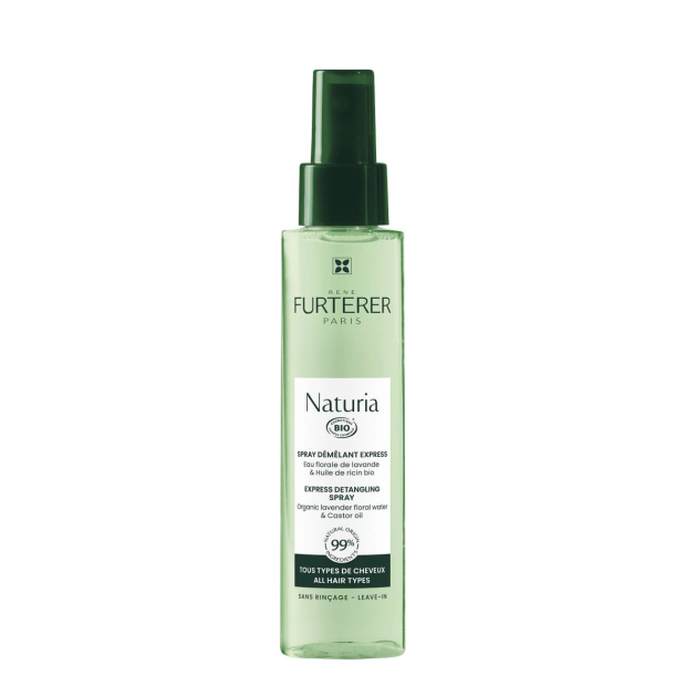 René Furterer Naturia Spray Desembaraçador Express é uma bruma bifásica ultraleve, envolvida numa fragrância floral, com 99% de ingredientes de origem natural.
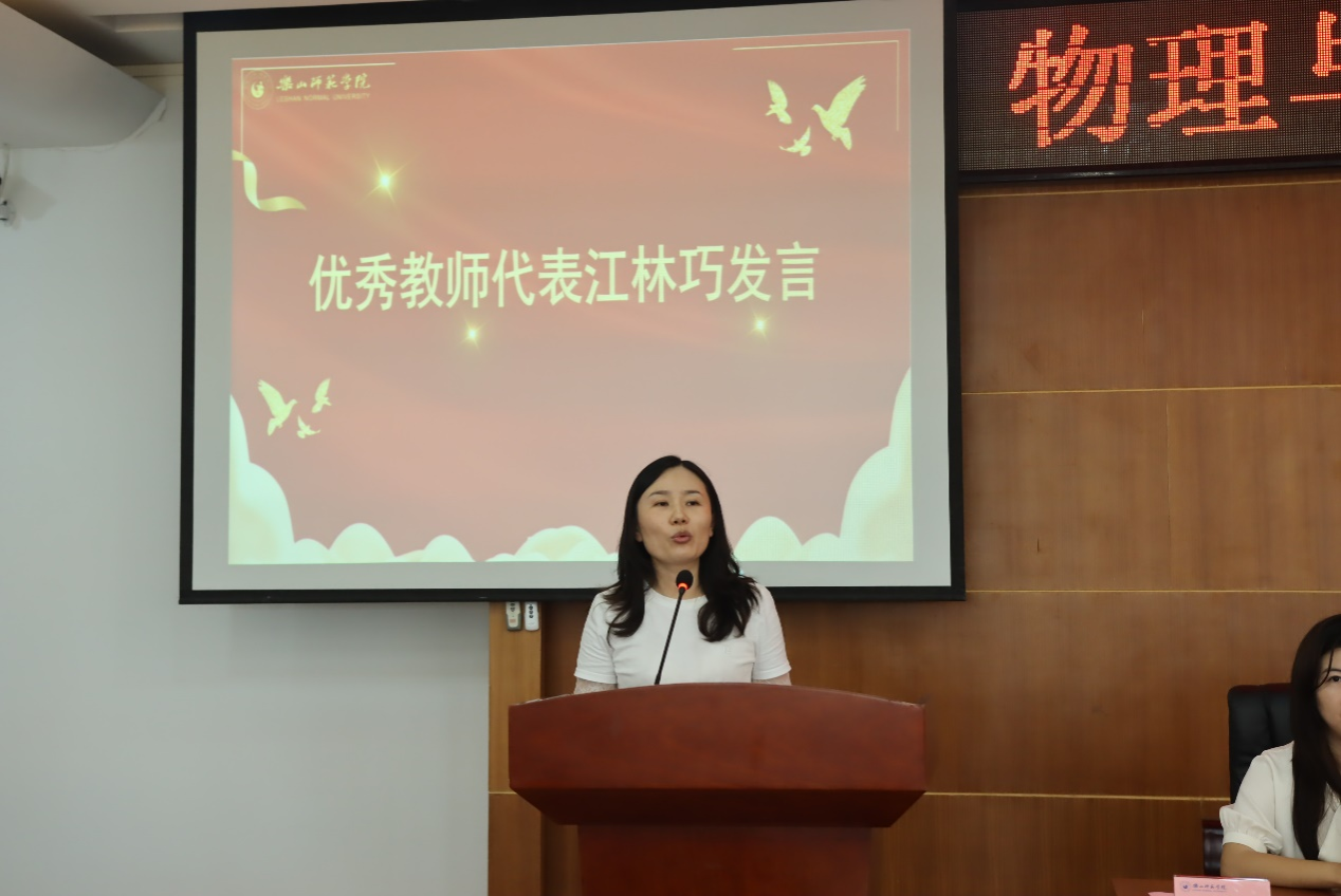 优秀教师代表江林巧发言,她以亲切真诚的话语,毫无保留地分享了自己的学习方法和成长经历。江老师的分享如同一股暖流,让新生们感受到了学院的温暖与关怀,也为大家提供了宝贵的学习借鉴。
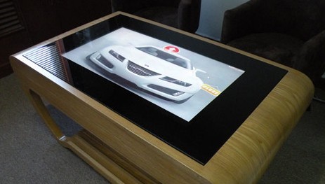 桌面投影,成像面積直徑3.2米的圓,設計2臺科視Christie?DWU760-is,2枚0.9:1鏡頭,機型參數:激光光源,7150流明,WUXGA 1920*1200?投影方式:2行1列融合,融合帶約 66% ,單臺投影:3.84米*2.4米,全屏分辨率:1600*1600pix ,屏前照度:約770Lux,安裝距離:配置0.9:1標準鏡頭,設備距離桌面幕3.5米安裝。

# Exercise brief
Exactly the lines from the one containing "优秀教师代表江林巧发言,她以" through the end of the data above: repeat those, both ends included, and nothing else. Skip the pictures.

# Written response
 优秀教师代表江林巧发言,她以亲切真诚的话语,毫无保留地分享了自己的学习方法和成长经历。江老师的分享如同一股暖流,让新生们感受到了学院的温暖与关怀,也为大家提供了宝贵的学习借鉴。
 桌面投影,成像面積直徑3.2米的圓,設計2臺科視Christie?DWU760-is,2枚0.9:1鏡頭,機型參數:激光光源,7150流明,WUXGA 1920*1200?投影方式:2行1列融合,融合帶約 66% ,單臺投影:3.84米*2.4米,全屏分辨率:1600*1600pix ,屏前照度:約770Lux,安裝距離:配置0.9:1標準鏡頭,設備距離桌面幕3.5米安裝。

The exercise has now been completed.